Elle pleurait, ses larmes étaient magnifiques, plaisante à voir et triste en même temps, je n’avais plus pleuré depuis longtemps, je ne me souvenais plus de cette sensation. Je pouvais l’expérimenter au travers de la douleur des autres, généralement de mes victimes, j’étais morte, mais je sentais en vie à ses côtés. Je me relevais lentement, regardant cet être pathétique sur mon sol, ses larmes continuaient à couler pour moi, elle était seule, enfin j’agissais, sifflant mon destrier. Je répondrais désormais à ma compagne avec une douce voix, comme autrefois.
-Je n’ai pas besoin de permission pour te tuer, pas des cow-boys, mais tu dois comprendre Ree, je ne suis pas des leurs, je suis des tiens. Qu’on le veuille ou non, tu es apparemment tout ce qui reste princesse.
Un sourire se formait sur mon visage, je pouvais presque me surprendre à rêver d’un meilleur passé, quand j’étais avec elle et Wendy, quand le monde ne pouvait pas nous atteindre. Que ce soit l’ancien ou le nouveau, je pouvais la tuer, quand je le voulais, mais ce n’était pas ce qui arriverait, le destrier était arrivé, me dépêchais de fouiller la sacoche sur son harnais. J’y trouvais rapidement mon bonheur, une bouteille d’eau que je jetais au sol près de ma cousine.
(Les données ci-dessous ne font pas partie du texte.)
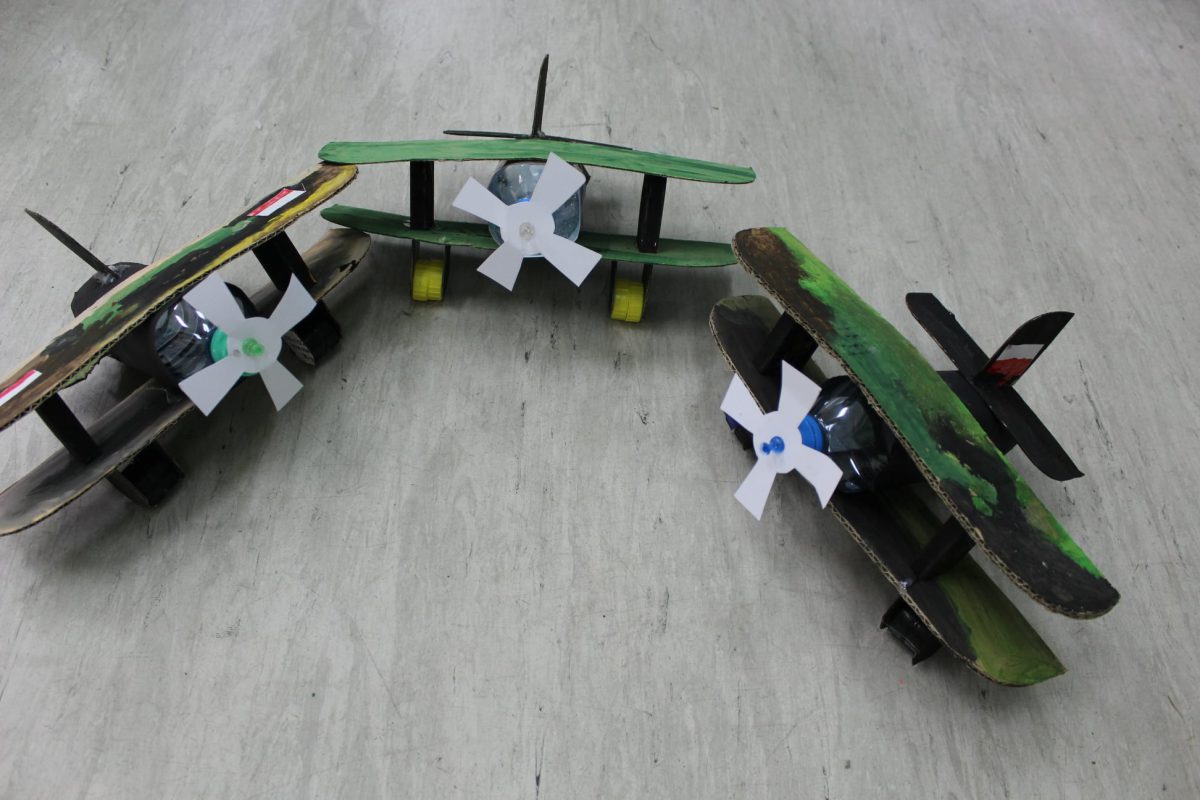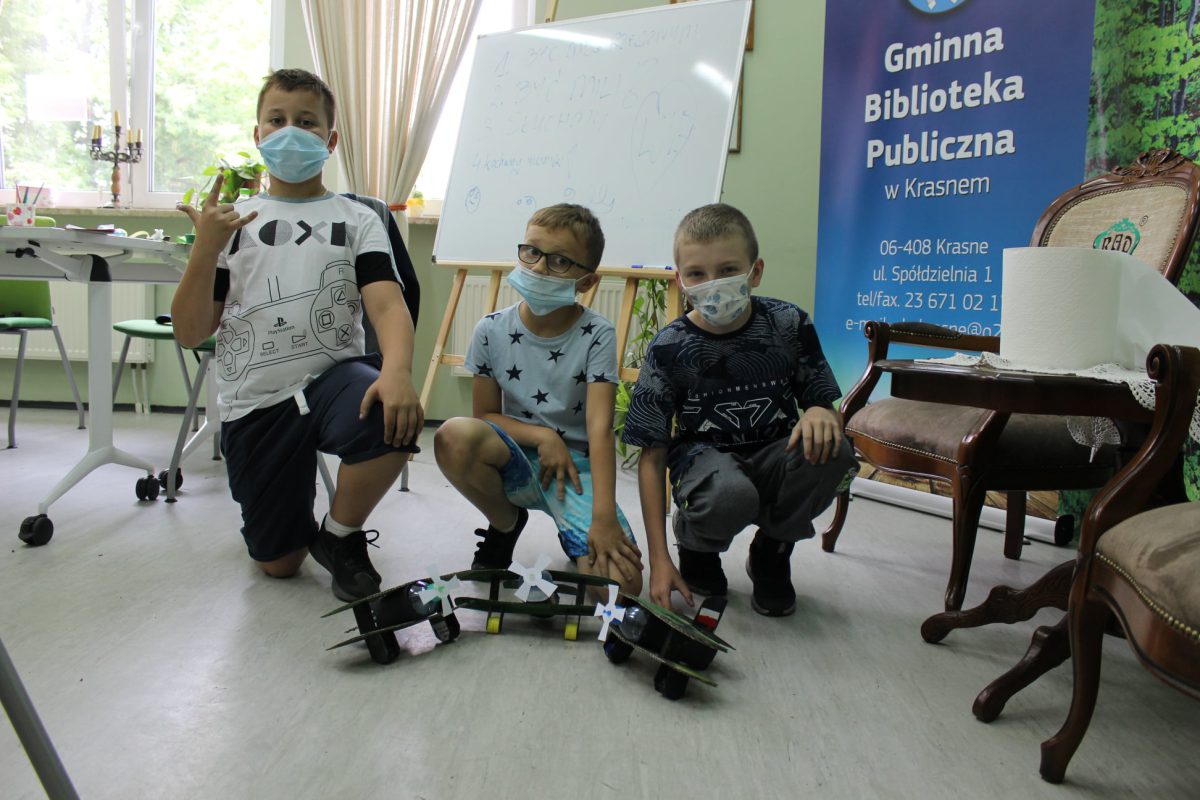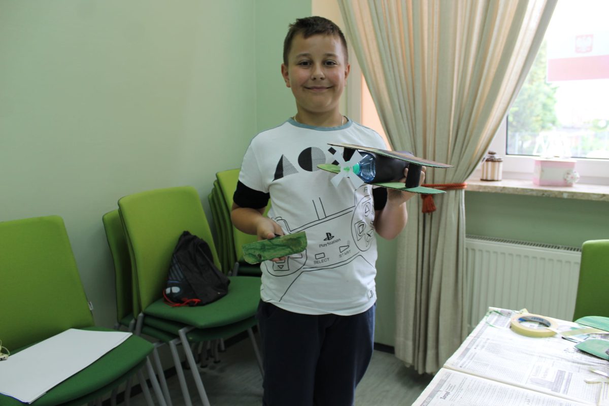 Męska część grupy zaprojektowała i wykonała natomiast model samolotu, również wykorzystując do tego celu materiały pochodzące z recyklingu.

-Bois, tu veux que je t’aide à te lever ? Promis, je ne vais pas te tirer dessus lorsque tu seras occupé, mon truc c’est plus couteau de toute façon, plus intime.
J’avais un peu attendu avant de parler de manière plus sérieuse, plus sombre, comme si quelque chose avait enfin réussit à m’atteindre dans ce monde apocalyptique.